I posted on a different forum as follows (slightly edited):

The message you get warning you you may only have 13 tuners seems to be just boilerplate. It's not an error message. If you continue, things seem to work OK. Strange...
There's all this speculation about the HR24 having problems if it's the last DVR you add to the system, but, certainly with my setup, I don't see it. . I have a 3 LNB reverse band, and have run it with 21 tuners. Currently I am running with 17 tuners (19 if you count the HR54 as 5 tuners) . It does not seem to matter where the HR24s are in the startup sequence, even removing power from everything, waiting, powering up the LNB and then the receivers. Even if the very last receiver to be powered up is an HR24, everything works.
Is the SWM frequency band actually extended with the new LNB? I had thought the SWM channels were just spaced closer together with the digital SWM.....


----------



## HoTat2 (Nov 16, 2005)

veryoldschool said:


> To the best of my knowledge, receivers only communicate with the SWiM [analog or digital] and not with each other.


Though I always thought that they could inferred from how the SWiM capable SD receivers D12 and R16 could perform a "callback" when a phoneline connection was not available to them.

They would then first communicate the callback info. to a network connected HR2X receiver using the 2.3 MHz SWiM control signal for later relay back to DIRECTV over the internet connection to the HR2X.

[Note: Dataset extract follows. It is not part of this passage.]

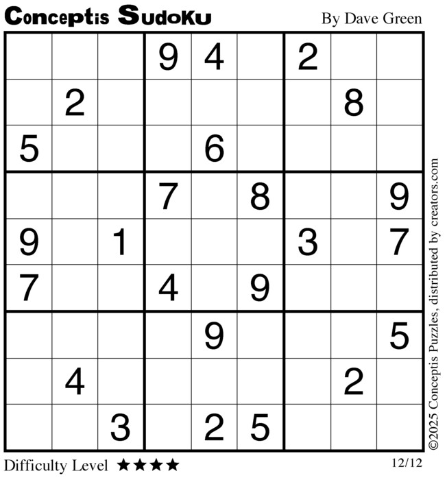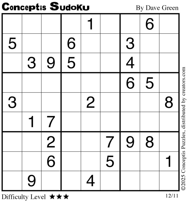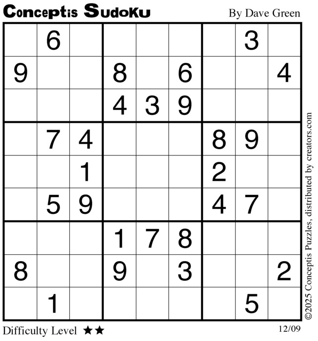 Each puzzle consists of a 9x9 grid containing given clues in various places. The object is to fill all empty squares so that the numbers 1 to 9 appear exactly once in each row, column and 3x3 box.

Sent from my LGMS550 using Tapatalk


----------



## texasbrit (Aug 9, 2006)

HoTat2 said:


> Though I always thought that they could inferred from how the SWiM capable SD receivers D12 and R16 could perform a "callback" when a phoneline connection was not available to them.
> 
> They would then first communicate the callback info. to a network connected HR2X receiver using the 2.3 MHz SWiM control signal for later relay back to DIRECTV over the internet connection to the HR2X.
> 
> Sent from my LGMS550 using Tapatalk


First I heard of that one......


----------



## veryoldschool (Dec 10, 2006)

HoTat2 said:


> Though I always thought that they could inferred from how the SWiM capable SD receivers D12 and R16 could perform a "callback" when a phoneline connection was not available to them.
> 
> They would then first communicate the callback info. to a network connected HR2X receiver using the 2.3 MHz SWiM control signal for later relay back to DIRECTV over the internet connection to the HR2X.
> 
> Sent from my LGMS550 using Tapatalk


Yes I do remember something about that but still the SWiM is the "command center"


----------



## veryoldschool (Dec 10, 2006)

texasbrit said:


> First I heard of that one......


I saw that in some paper about SWiM.

Not sure if it made production [as I never had SD hardware & SWiM], but it was in the early "plans/ideas"


----------



## veryoldschool (Dec 10, 2006)

texasbrit said:


> Is the SWM frequency band actually extended with the new LNB? I had thought the SWM channels were just spaced closer together with the digital SWM.....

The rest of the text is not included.